Она снова заговорила о выкидыше, умолчав о том, что он был вызван искусственно, но Матье заподозрил истину.

– Хуже всего, мой друг, что этот выкидыш меня совершенно искалечил. Пришлось обратиться к врачу, и, к счастью, я нашла по соседству очень приличного и любезного молодого человека. О, почти неизвестный врач, каких много, но я предпочла его любой знаменитости, потому что с ним я чувствую себя свободно, а главное – я спокойна за свою тайну, тем более что никто не обращает внимания на его визиты. Вот уже около трех месяцев он меня пользует и пока ничего обнадеживающего не сказал, – он считает, что при малейшей неосторожности я могу вновь забеременеть: что‑то у меня сместилось, какое‑то опущение, кажется. Представляете, каково мне при этой постоянной угрозе? Даже поцеловаться с мужчиной страшно. Так вот, мой милый доктор предложил мне одну операцию, но я боюсь ее, ужасно боюсь!

Матье удивленно развел руками.

– Неужели ваша болезнь так опасна?

Она подхватила его слова и с безутешным видом продолжала:

– Ну конечно! Я же говорю вам, что совершенно искалечена. Бывают дни, когда я испытываю невыносимые боли. И если врач стал поговаривать об операции, значит, он подозревает что‑то серьезное, а что – сама не знаю. Впрочем, он не хирург, он только сведет меня к знаменитому Году, тот меня осмотрит и, если понадобится, сделает операцию. И все равно я холодею при одной мысли об этом. Наверное, у меня никогда не хватит смелости решиться.

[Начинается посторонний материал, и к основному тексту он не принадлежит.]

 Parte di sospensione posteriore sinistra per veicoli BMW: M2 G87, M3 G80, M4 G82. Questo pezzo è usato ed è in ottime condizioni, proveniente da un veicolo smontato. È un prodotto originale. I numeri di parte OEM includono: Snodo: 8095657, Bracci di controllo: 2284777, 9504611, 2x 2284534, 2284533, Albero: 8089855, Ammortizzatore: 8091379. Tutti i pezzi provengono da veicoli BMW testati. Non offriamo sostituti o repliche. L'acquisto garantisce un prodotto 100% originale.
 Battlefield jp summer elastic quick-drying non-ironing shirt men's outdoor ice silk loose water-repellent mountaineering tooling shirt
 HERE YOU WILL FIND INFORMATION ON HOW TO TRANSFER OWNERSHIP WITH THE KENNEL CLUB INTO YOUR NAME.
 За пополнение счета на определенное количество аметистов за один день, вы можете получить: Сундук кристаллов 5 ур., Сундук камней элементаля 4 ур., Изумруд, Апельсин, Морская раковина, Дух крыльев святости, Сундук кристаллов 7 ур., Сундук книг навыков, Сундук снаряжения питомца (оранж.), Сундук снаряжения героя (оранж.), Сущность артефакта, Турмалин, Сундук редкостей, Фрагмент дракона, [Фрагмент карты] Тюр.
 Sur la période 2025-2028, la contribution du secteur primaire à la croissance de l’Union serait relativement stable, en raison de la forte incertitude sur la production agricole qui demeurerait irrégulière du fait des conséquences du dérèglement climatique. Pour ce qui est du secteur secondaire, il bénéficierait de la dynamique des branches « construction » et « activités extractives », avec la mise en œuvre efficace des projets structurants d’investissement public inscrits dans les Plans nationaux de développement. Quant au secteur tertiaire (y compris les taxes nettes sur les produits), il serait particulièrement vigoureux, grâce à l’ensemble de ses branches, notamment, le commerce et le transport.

И действительно, легкая тень промелькнула в ее огненном взгляде: казалось, неистовое желание заранее остывает в ней от предчувствия холодного прикосновения стали. В Серафине по‑прежнему боролись страхи мечта о безнаказанности наслаждений.

Матье взглянул на нее, и все его сомнения исчезли.

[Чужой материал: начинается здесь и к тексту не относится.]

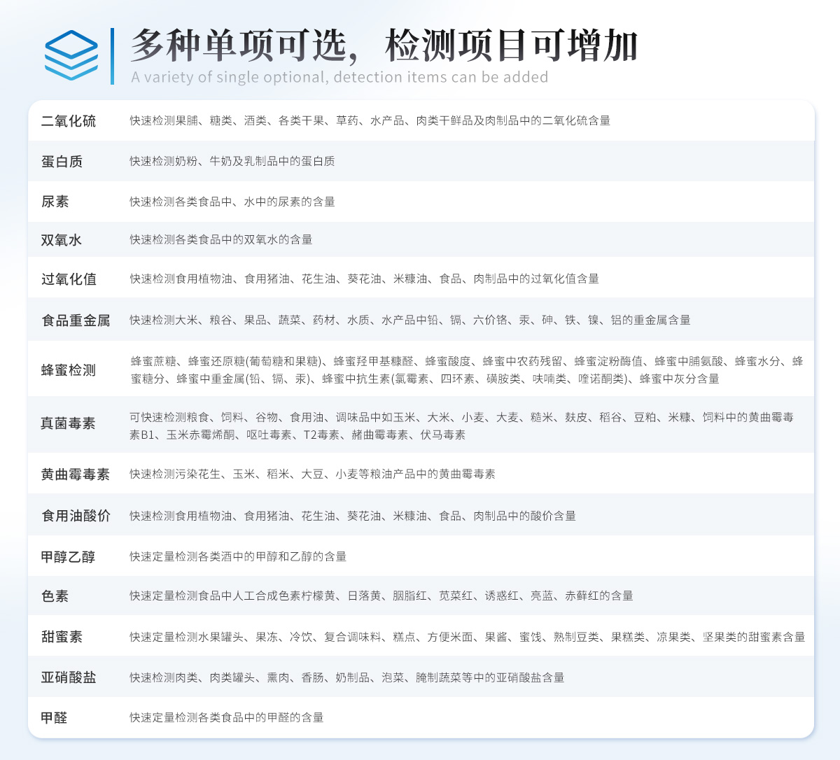 6、內置新國家限量標準,與所測結果進行現場比對,并持續更新標準。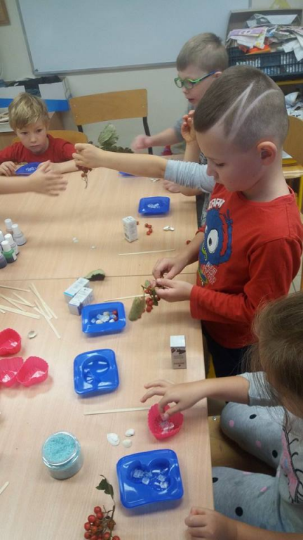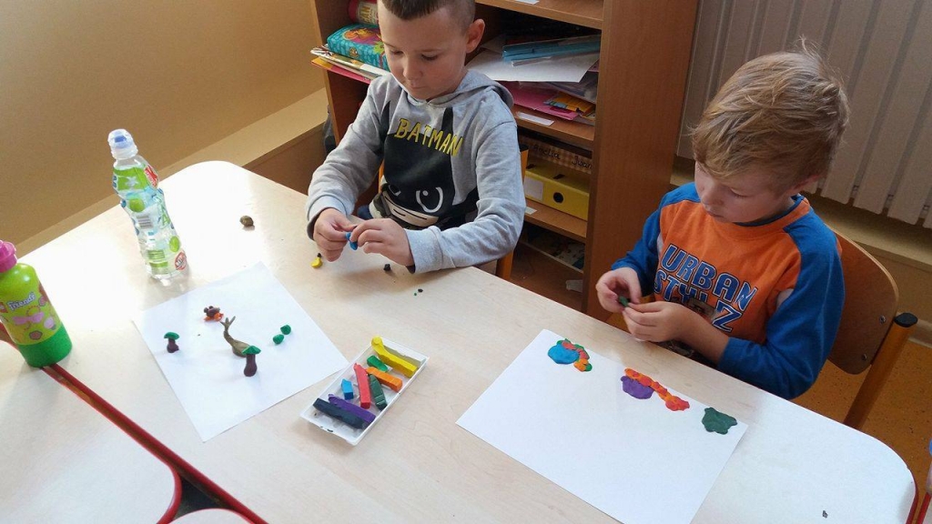 Nasi zerówkowicze wyczarowali z plasteliny jesienne ślimaki, jeże i wszystko to, co tylko kojarzy się z jesienią. W przyjemny sposób ćwiczyliśmy motorykę ręki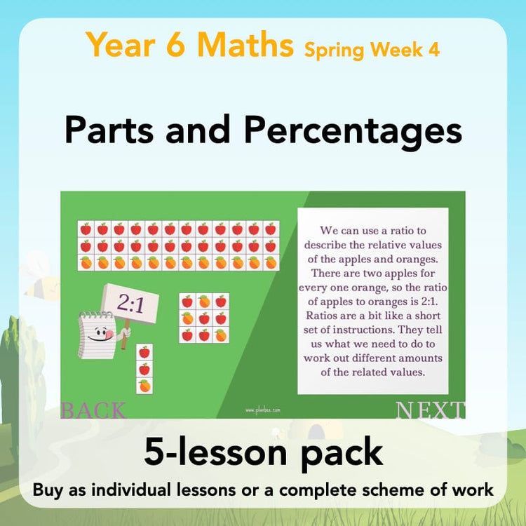 That's not all that's covered in these extensive KS2 lessons, though: your class will also build on their understanding of percentages as they solve problems involving the calculation of percentages and the use of percentages for comparison. The included slides show, in simple steps, how to find percentages of amounts and increase or decrease them, too.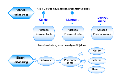 Ein Kunde kann entweder über eine Schnellerfassung (Basisstammdaten) oder durch Erfassung der einzelnen Objekte erfolgen. Bei der Schnellerfassung werden alle drei benötigten Stammdaten (Objekte) mit den wesentlichsten Daten angelegt. Die Nachbearbeitung durch die jeweiligen Fachabteilungen kann durch die automatische Anlage von einem Workflow unterstützt werden.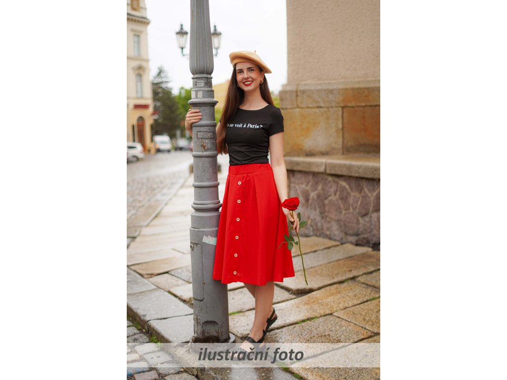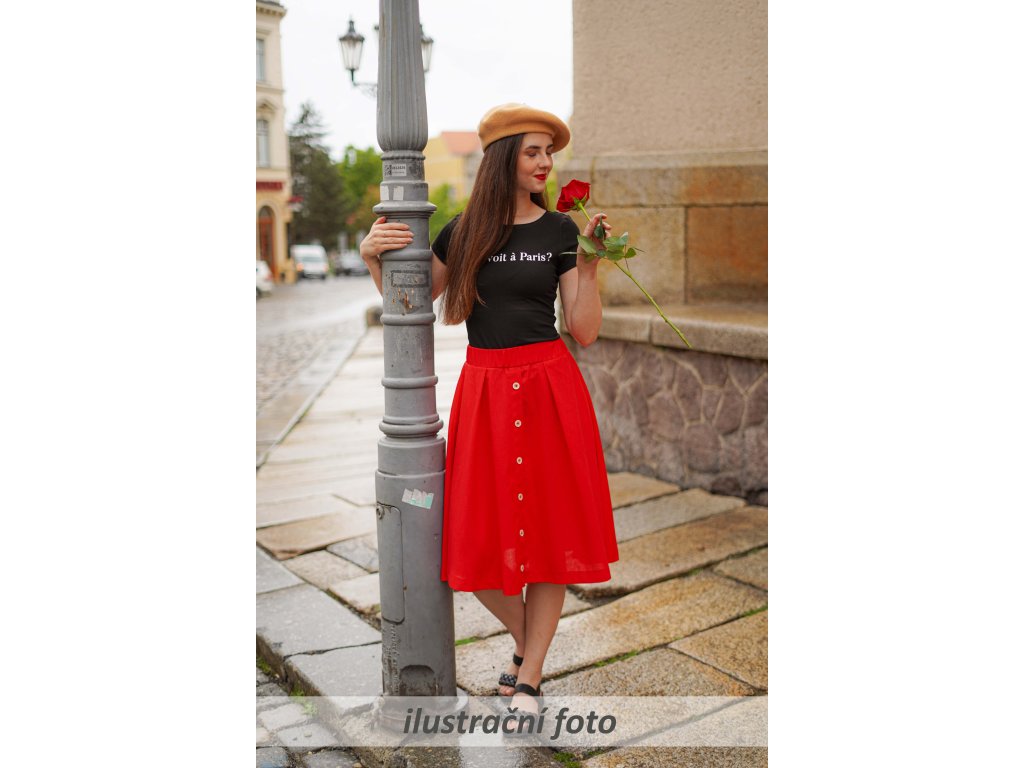 Dámská sukně áčkového střihu s knoflíkovou légou (ta je pouze dekorační, nedá se rozepnout). Přední díl má dva sklady, které sukni tvarují. V pase je na gumu, z rubu pasu je skrytý otvor, kterým se dá vyměnit. V bocích nesmí chybět dvě skryté kapsy.

– Насколько мне известно, – тихо сказал он, – такие операции весьма рискованны. Это крайняя мера, к ней следует прибегать, когда угрожает смертельная опасность. Иначе оперируемых ждут только муки и разочарования.

– О! – запальчиво воскликнула она. – Надеюсь, вы сами понимаете, что я дам себя искромсать лишь в том случае, если это будет совершенно необходимо, и раньше хорошенько все разузнаю. Говорят, доктор Год будет оперировать одну из дочерей папаши Муано, – ну, знаете, того, который работает у моего брата на заводе. Я, пожалуй, навещу ее после операции, поговорю с ней.

– Дочь папаши Муано, – с горечью повторил удивленный Матье. – Не иначе, как это Эфрази, та, что всего четыре года назад вышла замуж и теперь имеет уже троих детей, из них двое – близнецы. Чтобы помочь этим беднякам, я взял к себе в услужение ее младшую сестренку Сесиль, ей скоро шестнадцать, но, боюсь, с работой она не справится, – стоит ей немного переутомиться, и она уже не в состоянии встать с постели. В наши дни девушки из народа истеричны и неуравновешенны, словно герцогини. Да что и говорить, немало отцов и матерей не получают никакой радости от своего многочисленного потомства, и это меня весьма печалит, потому что, если даже мы отбросим пагубные социальные условия и кое‑какие неблагоприятные обстоятельства, все вы, кто противится росту семьи и готов совсем ее разрушить, с готовностью будете ссылаться именно на исключительные случаи, лишь бы ваша взяла верх и я оказался неправ.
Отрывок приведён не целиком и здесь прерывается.